COVID-19 and Youth: Mentorship and Virtual Coping Strategies

Published on 7th July 2020

If anyone had hinted about remote learning and virtual mentorship forums in Kenya before COVID-19, I would have thought that they were dreaming or just building castles in the air. It is not that this is impossible; rather, it is just that governments in Africa have not invested sufficiently in technological infrastructure. We are more used to and comfortable with being present physically, not virtually. This has limited us, youth, in terms of our talents, skills and abilities due to being restricted to think, function and make decisions fitting into the limiting systems in our countries.

COVID-19 happens! The pandemic redefines job security. A new normal emerges such as learning to work remotely, staying home for students forcing them to identify and nurture their talents to avoid boredom, and joining different virtual forums, workshop and webinars to gain more knowledge on one’s career or interest. 

Home in Kenya, the founder of Impact Borderless Digital (IBD), Nashon Adero, delves into youth mentorship as a means of transitioning in one’s career journey, defying the distancing effects of the pandemic altogether by going virtual. Further afield in the UK, Bernard Marr, a futurist, puts it across in a great way, “The change brought about by COVID-19, of working at home, has allowed people to be innovative, to grow and to even develop new ways of thinking. For sure, it is bringing with it a whole new shift to the job market.”

Down the Homestretch

As a young Engineering student at Taita Taveta University, COVID-19 has affected me greatly, beginning from disruption of studies to postponement of practicals, field trips and even workshops that were lined up for the year. This is what pushed me to joining the Impact Borderless Digital (IBD) virtual forums, which have enabled me to tap into the wealth of knowledge in the guest speakers at the virtual meetings. The aim of IBD forums is to provide borderless learning resources to the youth, to ensure that they are fluent digitally and by the end of the day, to empower the youth to be global citizens. 

I was a co-moderator on June 12, 2020, when IBD hosted a virtual forum on Repositioning for Strategic Careers Post COVID-19. Prof. Washington Ochieng, Head of the Centre for Transport Studies and Chair of Positioning and Navigation Systems in the Department of Civil and Environmental Engineering at Imperial College London, was the guest speaker. As a youth, I have been encouraged to network and empower myself with transferrable skills such as good work attitude, effective communication, personal motivation, time management and teamwork to be a global citizen. The forums have challenged me to do frequent reskilling, upskilling and deep skilling beyond the classroom theory to be able to accomplish more and be competitive in the job market.

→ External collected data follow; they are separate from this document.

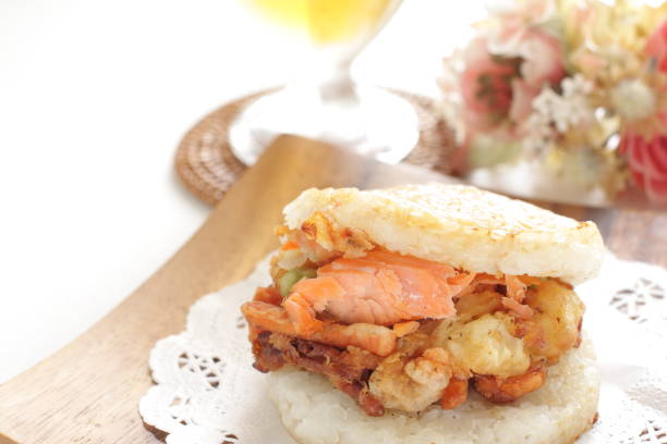 ご飯をバンズ代わりにしたユニークなハンバーガー。ライスと具材のバランスが絶妙で、食べやすく満足感も◎。季節限定のフルーツやソースをトッピングすると味の変化も楽しめます。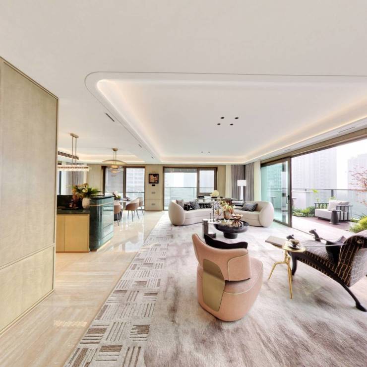 外立面采用约180°-360°环绕式露台设计,突破奇偶错层布局,避免空间交叠产生视线干扰,以更高阶的方式,垂直叠落“湖境-园境-院境”三重景观体系,衍生星光晚会、露天酒会、花园下午茶等立体墅式庭院生活场景,为生活注入全新的见解。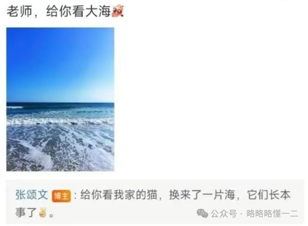 他的情商不是一般高,当有人给他评论了一张大海的照片让他看,结果他说:“给你看我家的猫,却换来一片海,它们长本事了!”这话听得真让人觉得舒适,要不张老师开设一个提升情商培训班吧!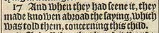 17 And when they had seene it, they made knowen abroad the saying, which was told them, concerning this child.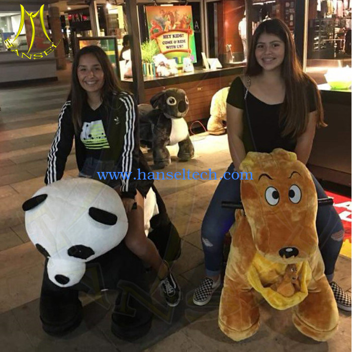 Hansel plush Motorized animals are coin operated or time setting amusement rides that work with rechargeable batteries, can go forward and turn left and right with music. They are the current trend for child amusement. the battery is rechargeable and coin operated motorized animal is making them easy to control for parties and businesses. With every purchase of a coin operated electronic animal scooter, fifty tokens will be included at no extra cost!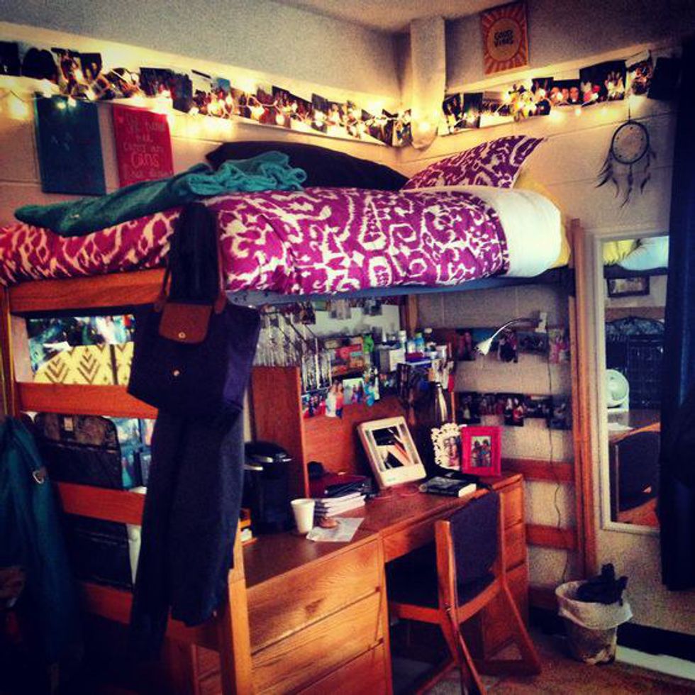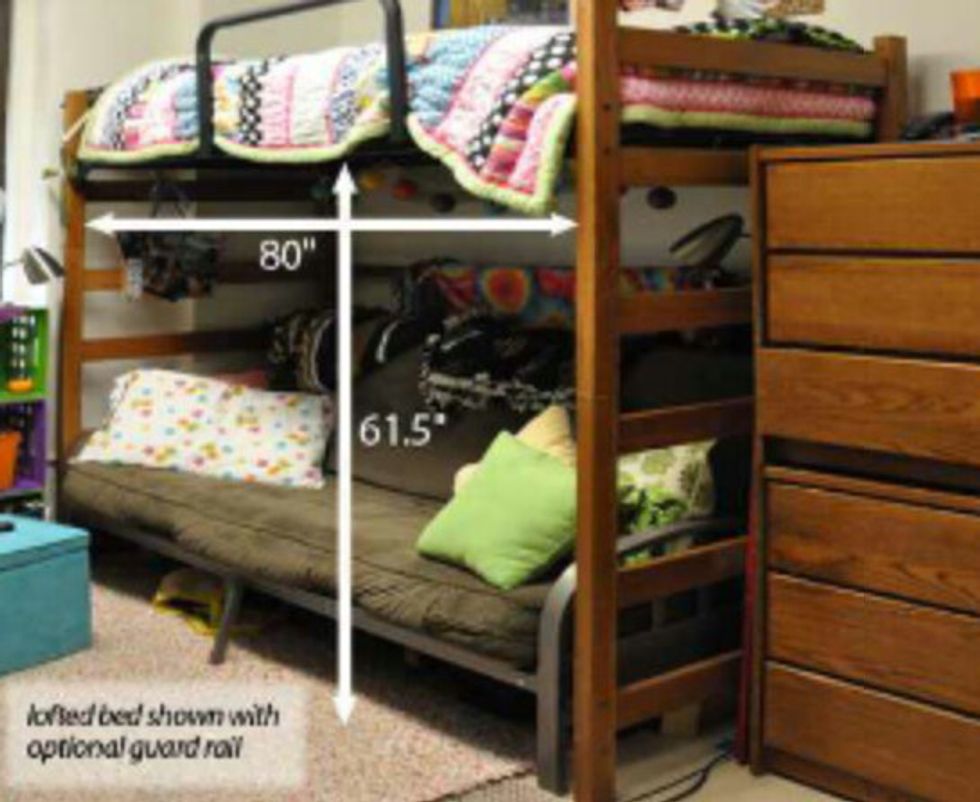 If you can loft your bed, for the love of God, do it! It opens up so much more space in your room for your desk, dresser, chairs, or even a futon!

Global Competition for Jobs among the Youth 

Utilizing various productivity tools is key to ensuring our effectiveness and efficiency as youth. These tools position us strategically for the post COVID-19 era, which is going to redefine the future of work by globalizing the job market. This means there will be a borderless pool of talents. Students and young professionals will need to be empowered to enter this arena full of ingenious ideas in an online environment that requires a competitive edge. Volunteerism is one of the key virtues I have learnt from IBD as a key entry point into global citizenship and borderless influence. 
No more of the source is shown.